▶ ASSIGNMENT
Lines before the one containing "Once synced we" are not copied; that line and every one after it, through the end of the material below, are printed exactly, without pictures.

▶ DATA BLOCK

• • •

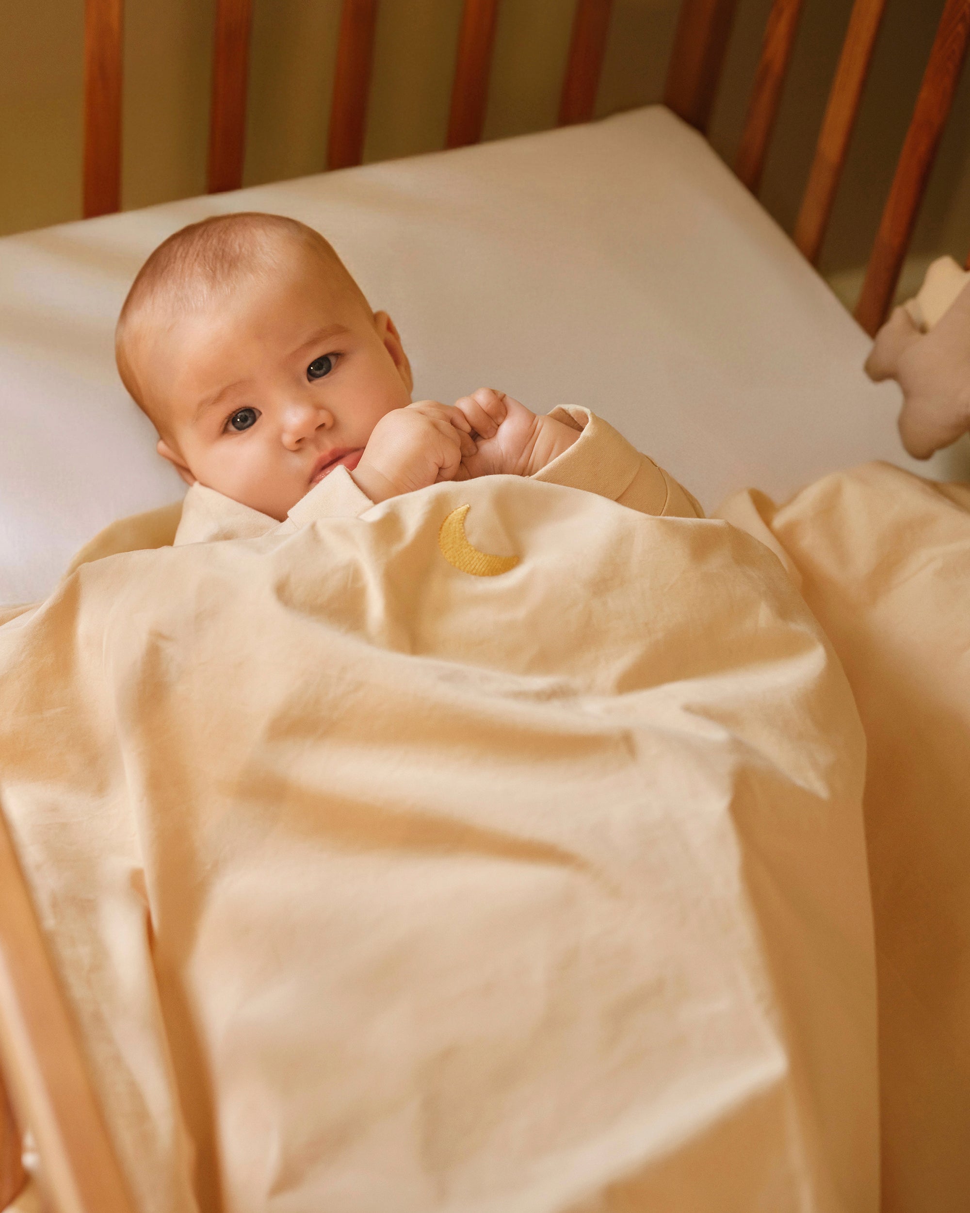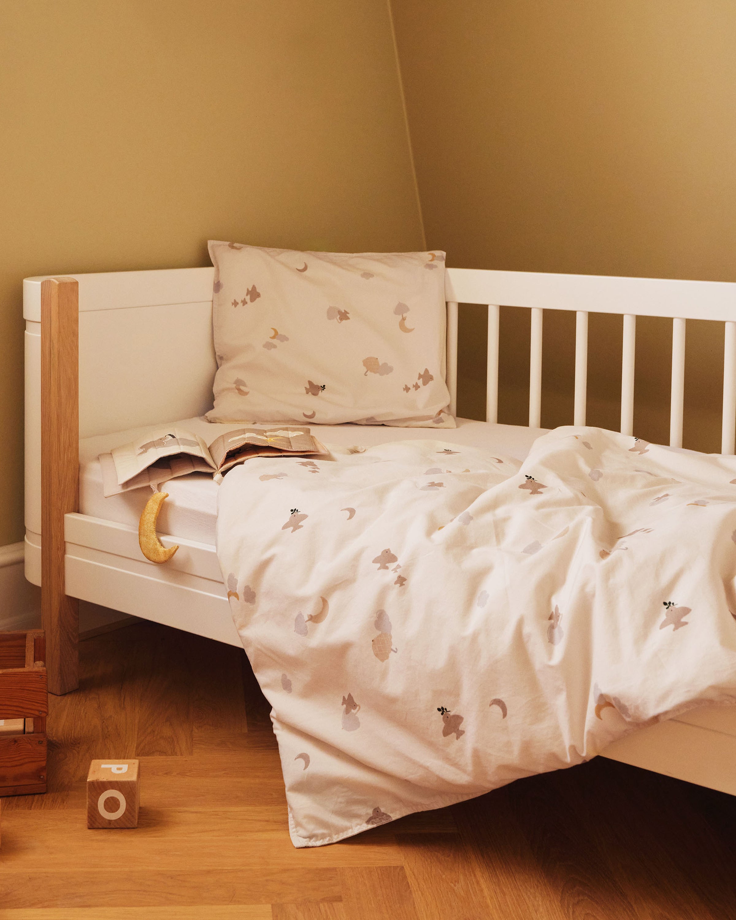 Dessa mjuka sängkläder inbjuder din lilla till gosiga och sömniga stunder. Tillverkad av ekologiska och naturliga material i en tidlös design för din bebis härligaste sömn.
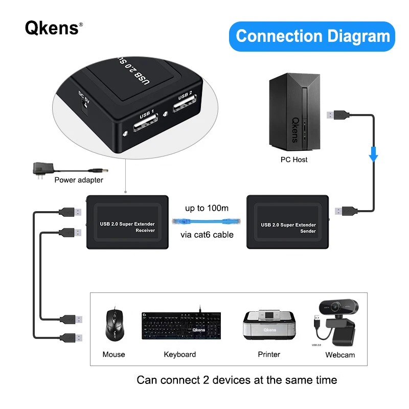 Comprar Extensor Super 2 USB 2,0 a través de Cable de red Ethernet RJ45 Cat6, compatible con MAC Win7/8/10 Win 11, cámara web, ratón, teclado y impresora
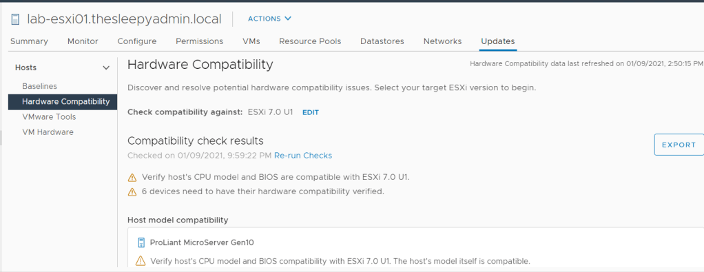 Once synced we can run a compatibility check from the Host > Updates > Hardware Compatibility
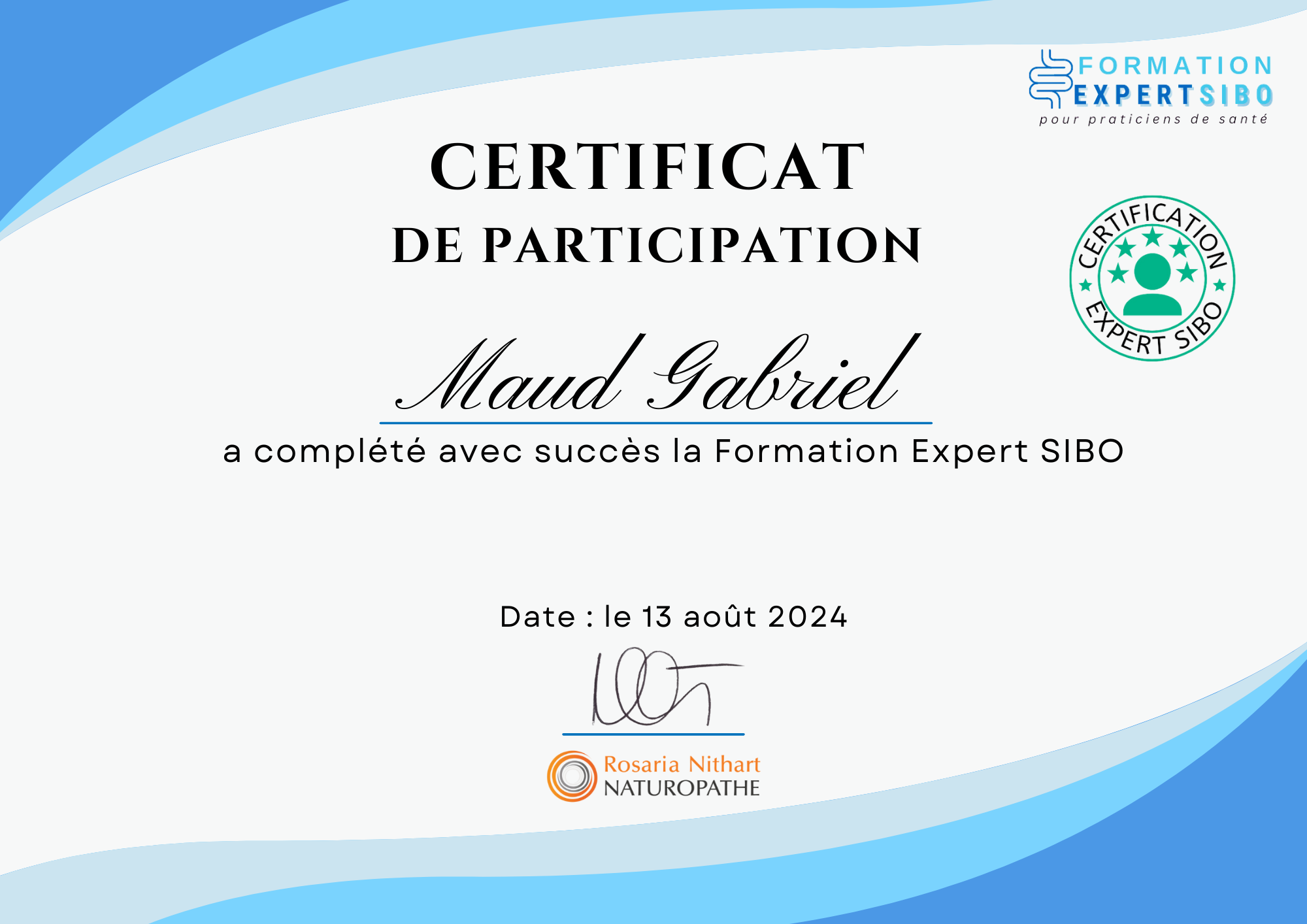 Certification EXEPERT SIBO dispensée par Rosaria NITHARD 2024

• • •

▶ EXPECTED OUTPUT
 Once synced we can run a compatibility check from the Host > Updates > Hardware Compatibility
 Certification EXEPERT SIBO dispensée par Rosaria NITHARD 2024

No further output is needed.